Task directions
Exactly as they appear, retype the lines from the one containing "TRS stereo extension" through the final line of the data below. Leave pictures out.

Supplied material
[Start of Attachment]

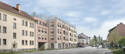Bedingt durch die Einpassung in das Stadtbild wird die Errichtung mit einem Dämmsystem inklusive Putzes und farblichen Anstrich.
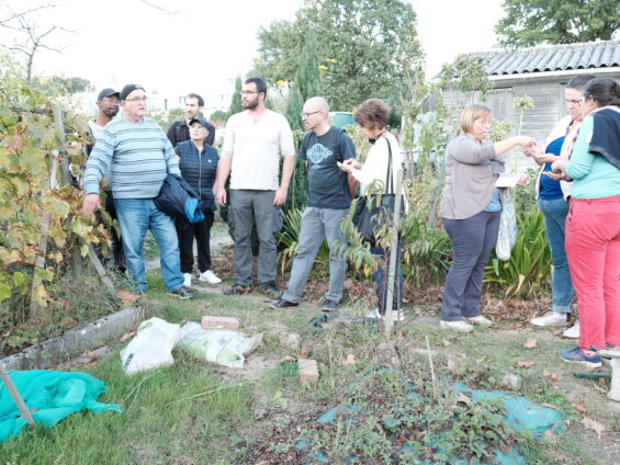 Ce samedi après-midi de début octobre, les jardins familiaux respirent la tranquillité du début de l’automne. Au bout des parcelles, entre les branchages d’un mûrier et quelques vignes, une quinzaine de personnes déambulent entre les jardins accompagnées d’un jeune formateur d’Environnements solidaires. Gavin Durox encadre cette séance sur le thème du paillage du sol, du broyage de déchets verts et de la taille des arbres. « Dans le jardin rien ne se perd, tout se réutilise » : par cette phrase répétée plusieurs fois, le jeune homme affirme la logique du cercle vertueux du recyclage. Cette séance fait partie du cycle de formations organisé par la Ville destiné aux membres (volontaires) de l’association des jardins familiaux. « Cette formation permet aux jardiniers de se sentir soutenus et accompagnés dans leurs pratiques de jardinage. C’est avant tout du contact humain où chacun peut prendre la parole de façon informelle pour poser ses questions et faire part de sa pratique. On visite le jardin, chacun nous présente sa parcelle, ça nous permet d’avoir des exemples pour aborder tous les sujets ». Au cours de l’année, d’autres formations ont eu lieu autour de la permaculture, du compostage, du lombricompostage, du soin des plantes et des insectes auxiliaires.
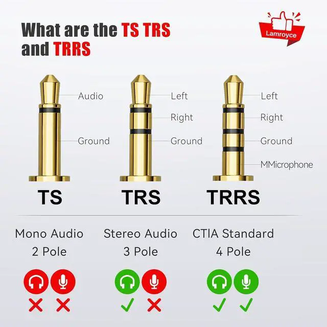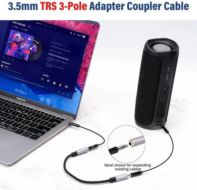 TRS stereo extension cable: Lamroyce 3.5 mm 1/8 Inch 3-Pole TRS stereo female to female coupler cable 0.6F eet has two 3.5 mm audio female port connectors providing a cost-effective way to connect two standard 3.5 mm TRS stereo headphone cables or extend the length of the extended standard audio cable allowing you to listen to music freely.
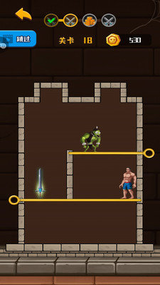 救救裤衩哥游戏是一款益智有趣的闯关小游戏。故事的主角是一个穿着花裤衩的猛男,他在一个城堡中冒险着,采用拉针的益智玩法,我们需要让裤衩哥先拿到武器,然后和怪兽作战。完成关卡的挑战收集金币,可以用来解锁各种不同的皮肤哦,喜欢的话就赶紧下载体验吧。

[End of Attachment]

Completed task
 TRS stereo extension cable: Lamroyce 3.5 mm 1/8 Inch 3-Pole TRS stereo female to female coupler cable 0.6F eet has two 3.5 mm audio female port connectors providing a cost-effective way to connect two standard 3.5 mm TRS stereo headphone cables or extend the length of the extended standard audio cable allowing you to listen to music freely.
 救救裤衩哥游戏是一款益智有趣的闯关小游戏。故事的主角是一个穿着花裤衩的猛男,他在一个城堡中冒险着,采用拉针的益智玩法,我们需要让裤衩哥先拿到武器,然后和怪兽作战。完成关卡的挑战收集金币,可以用来解锁各种不同的皮肤哦,喜欢的话就赶紧下载体验吧。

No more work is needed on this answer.